The proceedings were transferred from the Queen’s Bench Division to the Family Division by Master Cook in April 2019, who prior to hearing any submissions from the parties, expressed concern as to what the action could achieve, particularly given that financial remedy proceedings were already underway in the Family Division, and going so far as to state that this was ‘arguably pointless and futile litigation.’ Master Cook ordered W to serve either a defence to the claim or an application to strike it out.
W’s application to strike out H’s claim came before Cohen J. H’s initial claim stated that as a result of W’s deceit and misrepresentations as to C’s paternity, H had suffered loss and damage relating to the sums he had paid in respect of C’s education and upbringing, the difference between financial provision that H would make to W in the divorce proceedings at the present date compared with the financial provision that would have been payable had divorce proceedings commenced at the time of C’s birth, and the sums paid and gifts given by H to W from the time of her pregnancy to the commencement of the divorce proceedings. By the time the matter had come before Cohen J, H had reflected on the matter and decided that he wished to continue to be C’s psychological father, and had accordingly amended his claim to remove the sums he had spent on C.
The issues for Cohen J to consider were first, whether the tort of deceit in respect of intimate matters such as paternity fraud exists between husband and wife, and second, if such a tort does exist, can it run as a separate cause of action in parallel with financial remedy proceedings, or would it be abuse of the court’s process and/or otherwise likely to obstruct the just disposal of the proceedings? Cohen J accepted that if the answer to either question was no, W’s application should succeed and H’s claim should be struck out.
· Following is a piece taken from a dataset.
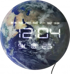 Stylowy zegar ścienny w kształcie Ziemi wprowadzi do wnętrza niebanalny design i świetną czytelność. Zintegrowany wyświetlacz LED pokazuje nie tylko czas w formacie 12/24 h, ale także datę, dzień tygodnia oraz temperaturę w pomieszczeniu. Stabilne zasilanie sieciowe zapewnia nieprzerwalaną pracę, a baterię zapasową CR2032 utrzymuje ustawienia przy zaniku zasilania.

In considering the matter, Cohen J noted that prior to the Law Reform (Husband and Wife) Act 1962, actions in tort between husband and wife were not permitted. Neither H’s or W’s legal representatives had been able to find a reported case for a ‘paternity fraud’ case between husband and wife in the High Court: Cohen J noted that actions for the tort of deceit are unusual, and paternity fraud cases even more so.
Although no reported cases could be found relating to paternity fraud between married couples in the High Court, there is clear authority that paternity fraud applies to unmarried couples, for example P v B (Paternity: Damages for Deceit)  1 FLR 1041 and A v B (Damages: Paternity)  2 FLR 1051. Cohen J also noted that counsel had found three cases where the tort of deceit in relation to paternity fraud had been applied to married couples, but never at above county court level. He went on to consider the decision of the High Court of Australia in Magill v Magill  HCA 51, in which the court broadly held that it would only be in very rare circumstances that the tort of deceit would apply as between husband and wife, as well as a number of journal articles on the matter.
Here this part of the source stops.